What binds us all is the fact that we think we have free will, yet we move like automaton. Our incessant craving for freedom is what makes us exactly the opposite, creatures of slavery!

Saturday, March 19, 2011

The defeaning silence at the crossroad

"Have I lost my way?" I ask myself without expecting an answer. The truth however is that you cannot lose your way while waiting at a crossroad. Can you? Any road you take leads you to somewhere. Then is it that I have intentionally wanted to lose my way all along? Do I really want to unravel the truth which I seek? We all live in the constant fear of finding out the ultimate truth of our own lives. The question that I ask myself is: Do I really want to cross the road? Or just like everyone else, am I more comfortable with questions than I am with answers!

Saturday, May 22, 2010

Children and Innovation

"Why can't we have taxis which fly in the air to beat traffic congestions?"..."Why don't we put up our own Sun in the sky to provide us with light during the night?". Irrational as these statements might sound yet children somehow always have a solution to every issue plaguing our planet! It's only as we grow up that we learn to brand certain problems as unsolvable. Or rather we are taught to accept certain situations and move on. Little do we realize that had inventors from the pages of history not thought as incoherently as these toddlers do, we might still have been living in caves!
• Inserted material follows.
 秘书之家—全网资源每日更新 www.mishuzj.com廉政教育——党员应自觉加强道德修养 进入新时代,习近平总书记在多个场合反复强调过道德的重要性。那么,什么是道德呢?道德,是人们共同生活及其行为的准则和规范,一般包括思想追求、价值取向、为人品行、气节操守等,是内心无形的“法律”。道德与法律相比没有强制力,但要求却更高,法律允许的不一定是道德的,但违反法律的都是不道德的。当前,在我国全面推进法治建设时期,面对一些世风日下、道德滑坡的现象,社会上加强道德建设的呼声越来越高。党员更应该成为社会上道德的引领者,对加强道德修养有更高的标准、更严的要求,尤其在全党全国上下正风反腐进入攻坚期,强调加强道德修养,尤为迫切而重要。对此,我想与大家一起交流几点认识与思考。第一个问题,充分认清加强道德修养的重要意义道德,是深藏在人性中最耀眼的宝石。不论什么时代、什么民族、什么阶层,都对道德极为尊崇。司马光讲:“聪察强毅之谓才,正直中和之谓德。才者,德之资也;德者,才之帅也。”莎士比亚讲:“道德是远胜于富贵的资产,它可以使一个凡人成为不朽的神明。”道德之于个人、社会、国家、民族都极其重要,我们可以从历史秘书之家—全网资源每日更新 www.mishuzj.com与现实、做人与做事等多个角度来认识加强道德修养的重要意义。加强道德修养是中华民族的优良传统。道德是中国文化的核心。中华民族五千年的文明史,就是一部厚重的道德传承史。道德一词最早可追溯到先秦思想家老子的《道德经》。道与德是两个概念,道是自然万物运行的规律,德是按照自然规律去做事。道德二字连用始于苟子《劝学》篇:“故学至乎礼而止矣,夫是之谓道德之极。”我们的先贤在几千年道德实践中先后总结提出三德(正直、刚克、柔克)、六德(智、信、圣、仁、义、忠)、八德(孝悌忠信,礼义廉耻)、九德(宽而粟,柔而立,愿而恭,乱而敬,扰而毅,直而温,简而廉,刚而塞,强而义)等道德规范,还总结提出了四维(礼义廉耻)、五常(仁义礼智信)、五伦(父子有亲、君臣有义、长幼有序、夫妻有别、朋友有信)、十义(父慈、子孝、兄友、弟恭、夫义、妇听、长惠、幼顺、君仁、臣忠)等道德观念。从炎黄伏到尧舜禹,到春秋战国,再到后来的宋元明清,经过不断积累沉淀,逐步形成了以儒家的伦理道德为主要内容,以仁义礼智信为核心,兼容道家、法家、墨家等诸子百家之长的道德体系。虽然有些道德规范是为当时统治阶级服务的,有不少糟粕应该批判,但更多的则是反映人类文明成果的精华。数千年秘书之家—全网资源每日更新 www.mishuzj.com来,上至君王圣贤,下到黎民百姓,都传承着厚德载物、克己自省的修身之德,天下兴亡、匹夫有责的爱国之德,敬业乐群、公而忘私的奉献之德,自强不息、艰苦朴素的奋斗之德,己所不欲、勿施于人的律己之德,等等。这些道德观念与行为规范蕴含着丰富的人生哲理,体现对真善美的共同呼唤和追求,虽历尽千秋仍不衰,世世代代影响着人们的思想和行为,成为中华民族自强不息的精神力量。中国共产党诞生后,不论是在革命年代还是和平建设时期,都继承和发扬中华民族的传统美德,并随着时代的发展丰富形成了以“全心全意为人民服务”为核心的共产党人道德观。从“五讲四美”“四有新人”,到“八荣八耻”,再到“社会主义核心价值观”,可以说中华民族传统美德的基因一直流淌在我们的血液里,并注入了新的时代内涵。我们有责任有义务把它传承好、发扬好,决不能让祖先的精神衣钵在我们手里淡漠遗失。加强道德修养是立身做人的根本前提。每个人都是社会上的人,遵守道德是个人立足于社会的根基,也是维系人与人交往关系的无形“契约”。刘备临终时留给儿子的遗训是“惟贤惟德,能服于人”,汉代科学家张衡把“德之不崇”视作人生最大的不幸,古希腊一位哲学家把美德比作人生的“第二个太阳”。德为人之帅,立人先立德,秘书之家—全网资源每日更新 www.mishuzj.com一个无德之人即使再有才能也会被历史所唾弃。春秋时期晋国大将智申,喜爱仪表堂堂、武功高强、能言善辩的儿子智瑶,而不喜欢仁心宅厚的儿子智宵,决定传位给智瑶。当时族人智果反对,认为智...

We all agree that to survive in this overtly competitive and information leveraged hyper dynamic market, organizations need to 'innovate' continuously. The past decade has in fact seen the word 'innovation' taking a Neil Armstrong like leap from being protectively used as a management jargon to being rebranded as the master key to all organizational issues. In reality though the word has rather been used, misused, overused and at times even abused in every single boardroom meeting. So as we spend billions of $ in framing and implementing (and faltering on most occassions!) innovation programs', let's ask ourselves a grassroot question: What exactly is innovation?

The answer lies in the way we look at things. The way we challenge the status quo. Give a pencil to a grown up and he'll either use it to scribble something or use it as a makeshift ear bud or migght do something even more unparliamentary. But give the same pencil to a three year old and observe carefully. He'll imagine it to be an airplane and fly it with indefatigable vigour for hours on the trot. He'll hold it upright and imagine it to be a skyscraper taller than even those found in Dubai or Taipei. Let him have it for some more time and he'll come up with many possibilities that we grown ups usually categorize as incongruous. This very act of perceiving the unimaginable out of something as mundane as a pencil is innovation. The ability to dream of the unexplored, as unfounded as it might be, is innovation. And didactic as it might sound, let's never forget that it's those amongst these children who retain their irrationality are the ones who're going to be the innovators of tomorrow!

Thursday, April 8, 2010

The question of nothingness!

This blog exists for you because you can see it. Because you can make an attempt to comprehend it. But what if it wouldn't have existed? What if the screen you're staring into right now wouldn't have existed too? What if YOU wouldn't have existed? What if no life would have ever existed anywhere in the whole universe? Or for that matter, what if even this universe wouldn't have ever existed? Exactly WHAT would have existed then? And where would have that "nothing" existed (given that there would've been no universe in the first place)? How big or small would have this "nothing" been? And lastly, is THIS the limit of human imagination?

Friday, November 13, 2009

The shrinking lifecycle of brands

10 years back we all swore by MSN and Yahoo search. Have you ever wondered how these two giant brands were so effortlessly overshadowed by Google? So much so that the word "Google" has started to gain acceptance in being used as a verb synonymous with web search! Google stuck to the old fashioned textbook style of making a strong product speak for itself and came up trumps. And in what way! But what's noteworthy is a gradually increasing trend of mammoth e-brands having an ever decreasing shelf life. In fact this trend can also be comfortably extrapolated to brick and mortar brands too. Look at Motorola. A decade back it was the leader in handheld phones and commanded the lions share in the market. Then one fine day a rubber manufacturer from a nondescript Finnish town(Nokia) decided to foray into the market and again in the space of a decade another bigwig brand was reduced to an almost rubble. Point to ponder is whether this trend is dangerous or encouraging to new age marketing specialists. A quarter of a century back things were seemingly easier. Create a strong product, market it well enough to create a differentiating brand and add a few small stitched up innovations in time to keep it alive for perhaps half a century or more. Look at brands like Maggi(Nestle), Surf/Rin/Nirma, Kissan(Jam, Ketchup etc.), Ambassador(Car) - they've all stuck to the age old formula and have thrived in the domestic market for decades on the trot. But all rules were turned headlong with the advent of the information age. The tried and tested formulae of elongating the lifecycle of super brands have rudely gone for a vicious toss. There's a constant trepidation that what you brand as a superbrand today might as well be gone for ever tomorrow. So as we keep ourselves occupied with the hunt for a key to evade this blink and you miss phenomena, let's have a minute's silence for all brands which have died an untimely death in this e-age!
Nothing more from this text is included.